The following shows the *orthogonality* of this balanced design:

```
# %*% is matrix multiplication
# t(X) %*% X is X^T X
solve(t(X) %*% X) # the inverse of X^T X
```

```
## (Intercept) LitterII LitterIII LitterIV DietB DietC
## (Intercept) 0.500 -0.333 -0.333 -0.333 -0.25 -0.25
## LitterII -0.333 0.667 0.333 0.333 0.00 0.00
## LitterIII -0.333 0.333 0.667 0.333 0.00 0.00
## LitterIV -0.333 0.333 0.333 0.667 0.00 0.00
## DietB -0.250 0.000 0.000 0.000 0.50 0.25
## DietC -0.250 0.000 0.000 0.000 0.25 0.50
```

Note the zeros in the DietX-LitterY entries of this matrix.
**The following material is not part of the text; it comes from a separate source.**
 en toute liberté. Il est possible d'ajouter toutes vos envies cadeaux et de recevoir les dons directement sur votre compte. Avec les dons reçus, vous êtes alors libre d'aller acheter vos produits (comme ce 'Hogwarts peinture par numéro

Recall that \(\text{var}(\widehat\beta) = \sigma^2 (X^T X)^{-1}\), so the zeros show that \((\widehat\gamma_2, \widehat\gamma_3, \widehat\gamma_4)\) and \((\widehat\tau_2, \widehat\tau_3)\) are independent – blocks and treatments are orthogonal.

A consequence of this orthogonality is that the following two ANOVAs are essentially the same even though the sequence of models fitted is different – the first two rows are just swapped, because of orthogonality.
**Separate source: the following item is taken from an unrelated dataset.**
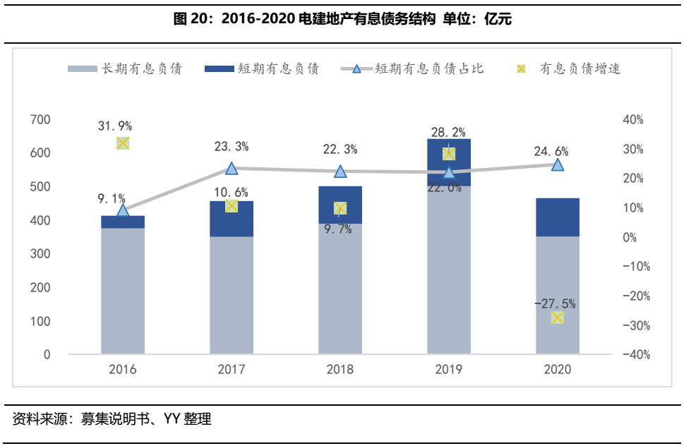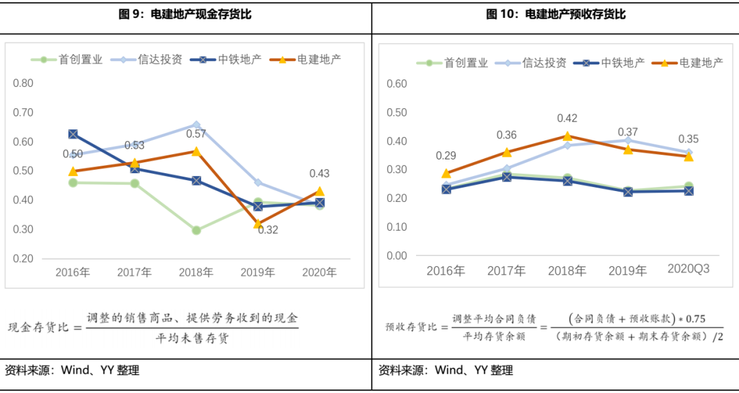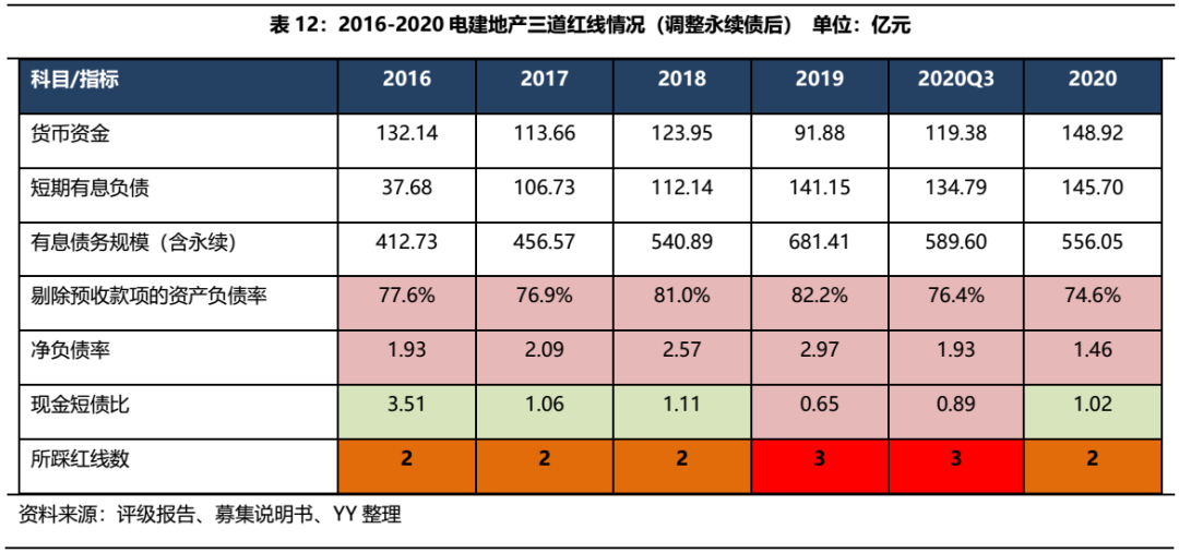 2015-2019年,電建地產(chǎn)有息債務規(guī)模持續(xù)膨脹,若將永續(xù)債納入有息負債范疇,2019年末有息債務達到681.41億元,現(xiàn)金短債比也轉(zhuǎn)紅,三條紅線均觸線,年末凈負債率為1.03,現(xiàn)金短債比為1.02,剔預負債率和凈負債率雖有所改善,但2020年底仍踩兩條紅線,現(xiàn)金短債比也在觸線邊緣徘徊,暫為橙檔企業(yè)。

`anova(lm(Gain ~ Litter + Diet, data = pigs)) # the same as done above`

```
## Analysis of Variance Table
##
## Response: Gain
## Df Sum Sq Mean Sq F value Pr(>F)
## Litter 3 1304 435 6.55 0.025 *
## Diet 2 1082 541 8.14 0.020 *
## Residuals 6 399 66
## ---
## Signif. codes: 0 '***' 0.001 '**' 0.01 '*' 0.05 '.' 0.1 ' ' 1
```

`anova(lm(Gain ~ Diet + Litter, data = pigs)) # Diet and Litter now in the opposite order`

```
## Analysis of Variance Table
##
## Response: Gain
## Df Sum Sq Mean Sq F value Pr(>F)
## Diet 2 1082 541 8.14 0.020 *
## Litter 3 1304 435 6.55 0.025 *
## Residuals 6 399 66
## ---
## Signif. codes: 0 '***' 0.001 '**' 0.01 '*' 0.05 '.' 0.1 ' ' 1
```

Treatment effects are separated from block effects in this orthogonal/complete design. The treatment effects (the Sum Sq for treatments) are not changed by having the block effects in the model. But the block effects do contribute to the estimate \(s^2\) of the error variance.

Suppose we had no records of which piglets were from which litter. Or suppose we had the litter information but we ignored it.

`anova(lm(Gain ~ Diet, data = pigs))`

```
## Analysis of Variance Table
##
## Response: Gain
## Df Sum Sq Mean Sq F value Pr(>F)
## Diet 2 1082 541 2.86 0.11
## Residuals 9 1703 189
```

This is fitting the model:

\[y_{ij} = \alpha + \tau_j + \epsilon_{ij}\] with \(\tau_1=0\). This is a *one-way analysis of variance* (there is one factor, just the diet variable).

In this analysis, diet is not significant. This is the “wrong analysis” in this case – Litter has been omitted when it should have been included. The estimate of \(\sigma^2\) is much higher in this case (189, was 66 previously). This feeds into the denominator of the F value, the resulting F value is small and not significant. We have “forgotten” to allow for a blocking effect (the different Litters) and this has made a critical difference.